You or the estate lawyer will need to obtain specific information to enable an Application for Letters of Administration to be completed. This includes:

  • Establishing that there’s definitely no Will in existence including:
    • Writing to any previous lawyers and banks the deceased was associated with
    • Writing to the major trust companies: Public Trust, NZ Guardian Trust, Trustees Executors and Perpetual Trust
    • Advertising in a New Zealand Law Society newsletter
    • Asking the family to search all papers and files of the deceased.
  • Finding out if there is a spouse, civil union and/or de facto partner, whether there was a divorce or separation order in existence at the time of death and, if so, obtain a copy of that divorce or separation order. If a surviving spouse, de facto partner or civil union partner applies for Letters of Administration, then consideration will need to be given to election under the Property (Relationships) Act 1976 (see the Claims against an estate).
  • Obtaining full details of all children of the deceased (including a child who pre-deceased the deceased and who may have left any children). It’s also necessary to go through all papers left behind by the deceased to search for reference to any other children, and to check with any lawyer who was known to act for the deceased.

  • Instigating a search of the Births, Deaths and Marriages Register to verify whether there are any other children of the deceased. A certificate needs to be obtained: there’s a fee for this.

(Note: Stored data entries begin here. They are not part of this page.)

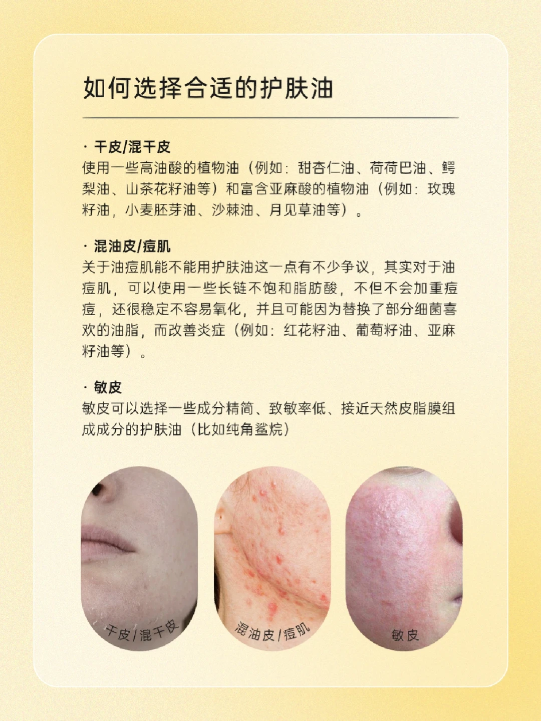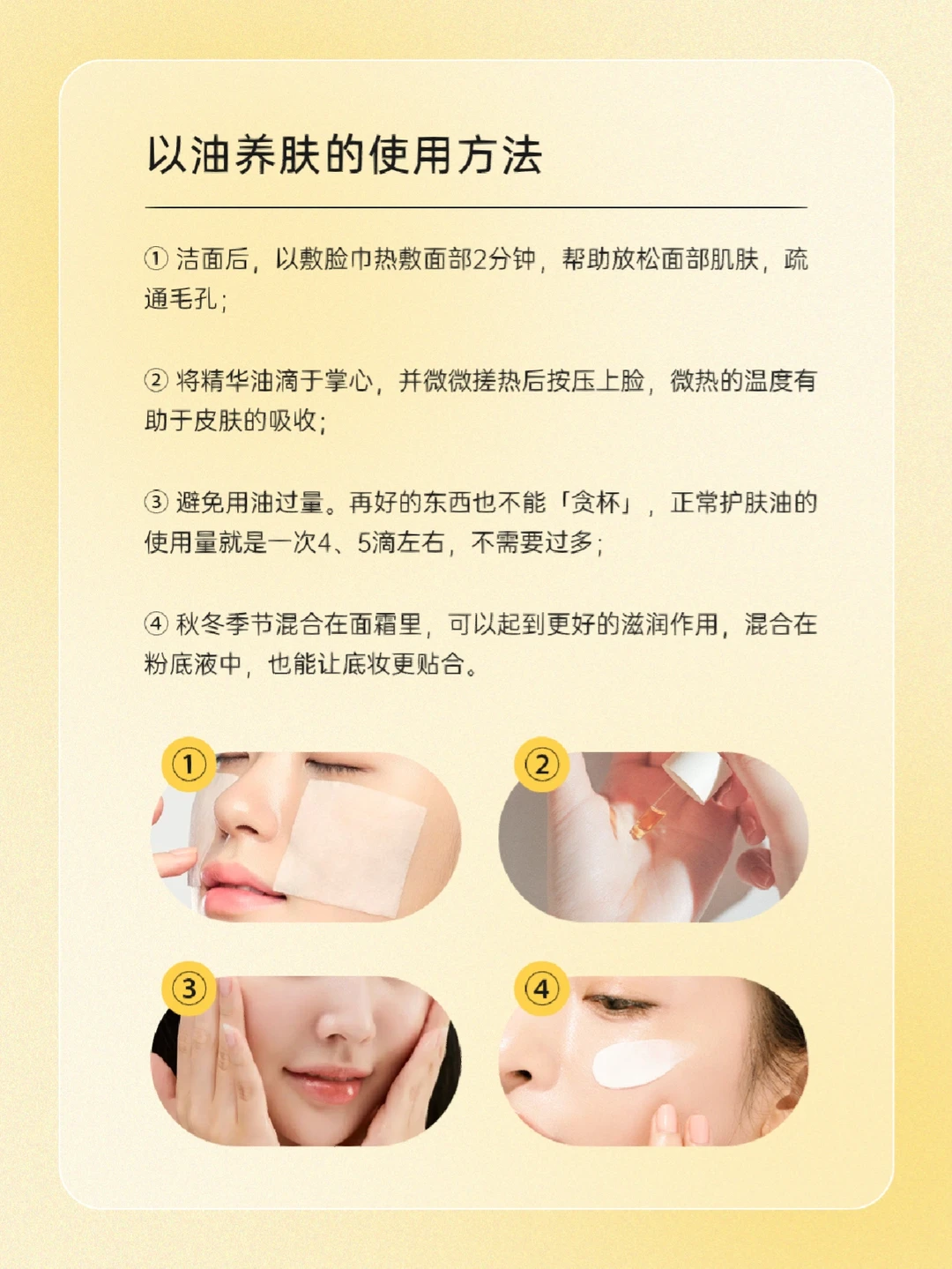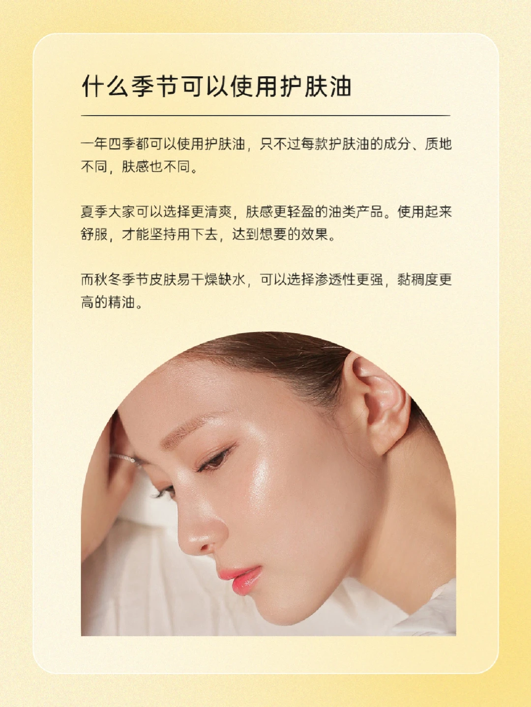 💛什么是以油养肤? 💛以油养肤的作用 💛如何选择合适的护肤油、? •不同肤质可以根据需求选择不同的护肤油 💛什么季节可以使用护肤油? •一年四季都可以使用护肤油,春夏季可以选择肤感清爽的,秋冬季选择保湿力更强的精油 💛以油养肤的使用方法 一起来了解一下吧,下期还想看什么可以❤️➕🍎告诉我哦
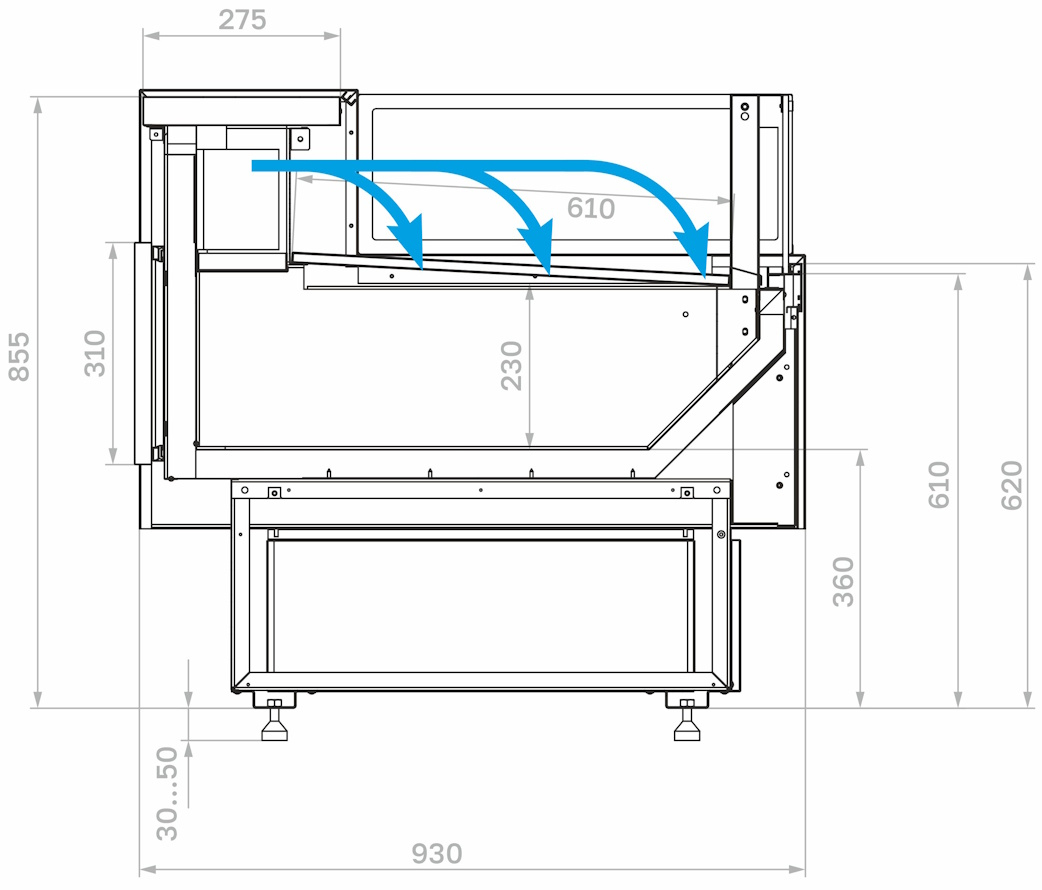 Модель без боковин предназначена для установки нескольких витрин в линию и не может использоваться как отдельностоящая. При заказе нескольких моделей для установки в линию достаточно приобрести две боковины для первой и последней витрины.
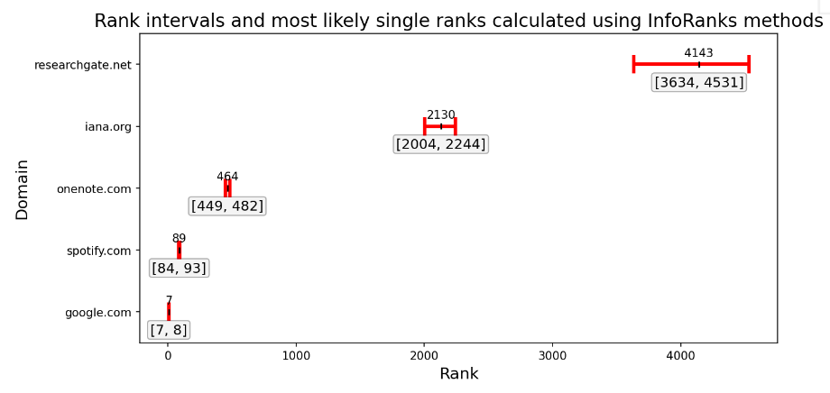 | Figure 1. Calculated most likely rank and rank intervals using InfoRanks methods for a sample of 5 domains. Ranks get more difficult to represent with a single value as plausible ranks get wider when popularity decreases. |

  • Ascertaining full details of the assets and liabilities of the estate.

After you or the estate’s lawyer has established whether Letters of Administration are required, and who is to apply for them, then the application documentation will be almost complete.

There will also need to be an affidavit by the person applying for administration. This affidavit will include the information established above, together with other information as required by the High Court Rules.

The documents are then filed in the High Court. Once the High Court approves the Grant of Administration, a sealed order is released by the High Court. This can take up to six weeks. Once the order is granted, the Administrator can then proceed with administering the estate.

If there’s no executor but there is a Will

Where there’s no executor, the court will appoint an administrator to carry out the requirements of the Will. This is called ‘Letters of Administration with Will Annexed’.

This procedure is used where a person dies leaving a valid Will but the Will doesn’t name an executor, or the executor has died or, for whatever reason, can’t or won’t apply for probate.